Alguns detalhes mais prosaicos: 

— a Infraestruturas de Portugal vai empochar 1 milhão e 150 mil euros que exigiu à câmara de Viseu;

— a IP vai esmifrar os 250 mil euros que impôs à câmara do Sátão;

— ao todo, há um “investimento previsto de cerca de 12,3 milhões de euros”.

António Almeida Henriques e Paulo Santos, 
presidentes das câmaras de Viseu e do Sátão
Fotografia Diário de Viseu — daqui

Durante a primeira geringonça, a câmara de Lisboa comprou à segurança social uns prédios abaixo do preço do mercado, numa operação imobiliária que foi explicada nestes termos por uma auditoria do Tribunal de Contas: “as condições” foram “vantajosas para o Município, em detrimento da receita e da sustentabilidade do orçamento da segurança social”. Trocando por miúdos: houve uma espécie de subsídio do então ministro da Segurança Social, Vieira da Silva, a Fernando Medina.

Depois dos prédios municipalizados, passou-se à fase seguinte — fazer neles apartamentos de “renda acessível”. A câmara alfacinha está a fazer isso. E à grande e à francesa. Perdão, à grande e à lisboeta. Cada um daqueles apartamentos “sociais” vai derreter mais de 400 mil euros em obras. 

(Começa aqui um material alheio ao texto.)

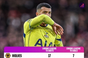 體育資訊12月17日訊 Opta統(tǒng)計(jì)了本賽季英超各隊(duì)失誤導(dǎo)致丟球的數(shù)量,并列出榜單,狼隊(duì)7球居首,熱刺、桑德蘭、諾丁漢森林5球次席。

Nenhum problema para a câmara da capital do reino. Primeiro, usufruiu da generosidade da segurança social. Agora vai ter as obras pagas a 100% pela “bazuca” europeia. 


Resumindo e concluindo: 

— para obras em casinhas “sociais” de 400 mil euros em Lisboa — onde vão viver uns poucos felizardos —, o ministro das Infraestruturas e da Habitação dá tudo, tudo, tudo;

— já para o melhoramento da estrada Viseu-Sátão — que atravessa terras pobres do interior e é utilizada diariamente por milhares e milhares de pessoas —, o bispo Pedro Nuno Santos, da Igreja Universal do Governo de Portugal, não dispensa o dízimo. 

Feitas bem as contas, é mais do que um dízimo, é um undízimo — as duas câmaras são obrigadas a custear 11% da empreitada.